Magazine #2 | Summer 2023
PaLM: The Wrong Understanding of Efficiency
Google’s 540-Billion-Parameter Language Model PaLM
In spring 2022, Google researchers unveiled a new AI language tool called the Pathways Language Model, or PaLM. Its capabilities include the ability to interpret inputted text and produce new, meaningful text segments of its own. Whereas previous models like BERT (110 million parameters) or GPT-3 (175 billion parameters) attracted attention due to their incredible size, PaLM has now set a new record, with 540 billion parameters. Parameters are values that a Machine Learning model learns during the training process, and they form the basis for the outcomes the model then produces.
The number of parameters also determines the number of computing operations that must be performed and, thus, the amount of energy consumed. It is likely that a model with 540 billion parameters also consumes an extremely high amount of energy – during development, during training and, presumably, also during use.
At the same time, the Google research team claims to have made a breakthrough in terms of training efficiency. This advance has been achieved, the researchers say, by way of newly developed hardware called Tensor Processing Units (TPUs), which enable accelerated computation, and through new strategies in parallel computing. Google says it was able to significantly reduce the amount of time it took to train the vast model, thus saving energy.
A single training run of PaLM at a Google data center in Oklahoma, which obtains 89 percent of its energy requirements from carbon-free energy sources, resulted in 271.43 tons of CO2 emissions. That is roughly the equivalent to the emissions produced by a fully occupied commercial jet during 1.5 flights across the United States.

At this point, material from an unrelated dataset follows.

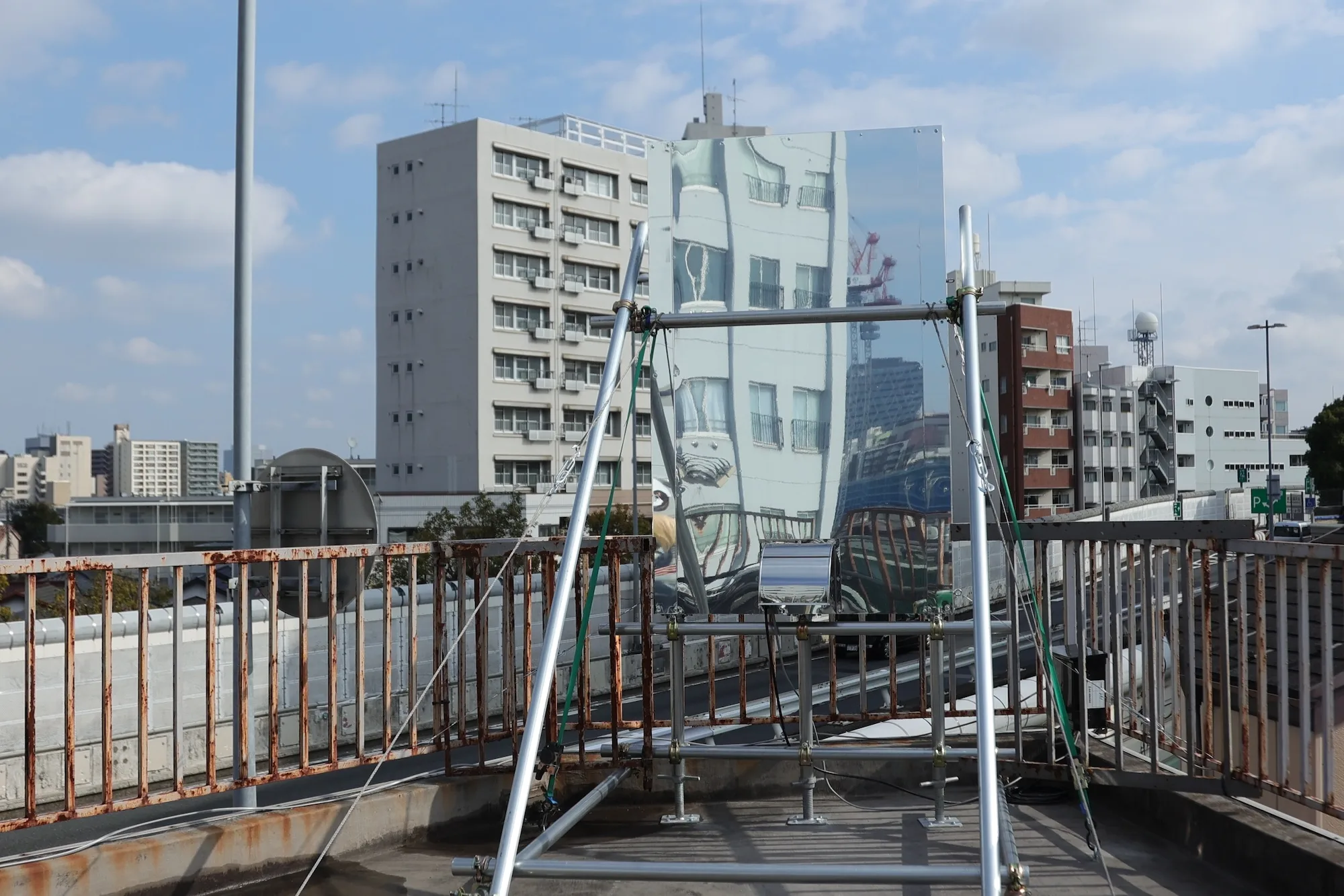 4階の窓から外へ出て、細い階段の足場に足がすくみそうになりながら屋上へ上がる。首都高を見下ろす屋上に展示された加藤広太《あなたにではない、何かに向けて》は、トランスミッターとラジオ、大きな鏡などで構成される。屋上の角に置かれた鏡の裏はディスプレイになっているのだが、画面は首都高に向けられているため、会場からは見ることができない。画面には、首都高を走る車の車内から展示会場を映した映像を引き伸ばしたものが映し出されているのだという。FMトランスミッターからは作品解説が流れており、車内ラジオでこの周波数に合わせると、首都高で会場前を通過するあいだだけこの音声を聴くことができる。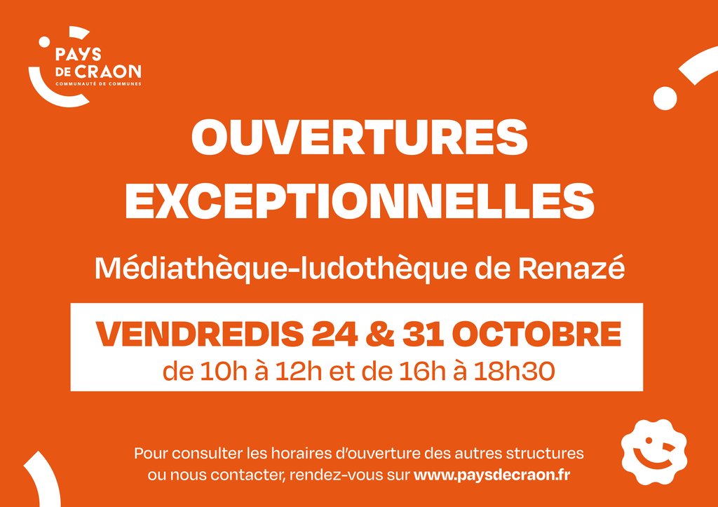 OUVERTURES EXCEPTIONNELLES DE LA MÉDIATHÈQUE-LUDOTHÈQUE DE RENAZÉ PENDANT LES VACANCES SCOLAIRES !

Comparative values regarding the emissions produced by previous models during training are mostly based on estimates. As such, one can only assume that around 270 tons of CO2 emissions for a system as large as PaLM represents, from a relative point of view, a significant improvement. But the question remains as to why a far more efficient hardware innovation and new training methods were only deployed to make models even larger, rather than to improve the energy efficiency of smaller, yet still quite substantial models. That isn’t just irresponsible from the perspective of resource conservation. Such vast models also make it more difficult to detect and remove discriminatory, misogynistic and racist content from the data used in training.
Machine Learning research has not yet focused sufficiently on resource conservation – and it’s not just Big Tech companies that must be held accountable on the issue. The example of PaLM once again clearly shows that the mentality of “the bigger the better” continues to dominate Machine Learning research, which stands in direct contrast to the urgent need to reduce resource consumption in the entire digital sector, especially in the resource-intensive AI branch.
Furthermore, Google’s emphasis on the comparatively low emissions produced during the training of PaLM is misleading. The training of a model never reflects the total amount of emissions generated – indeed, it is often just a fraction of that total. To be able to make a comprehensive determination regarding the resource efficiency of specific AI systems, emissions produced during development and application must be quantified along with the emissions associated with the hardware used. Google could at least have specified the number of training runs it performed during the development phase and how high emissions were in total. That, though, would likely have produced a significantly different image – and the green finish Google has sought to apply to itself would quickly have flaked off.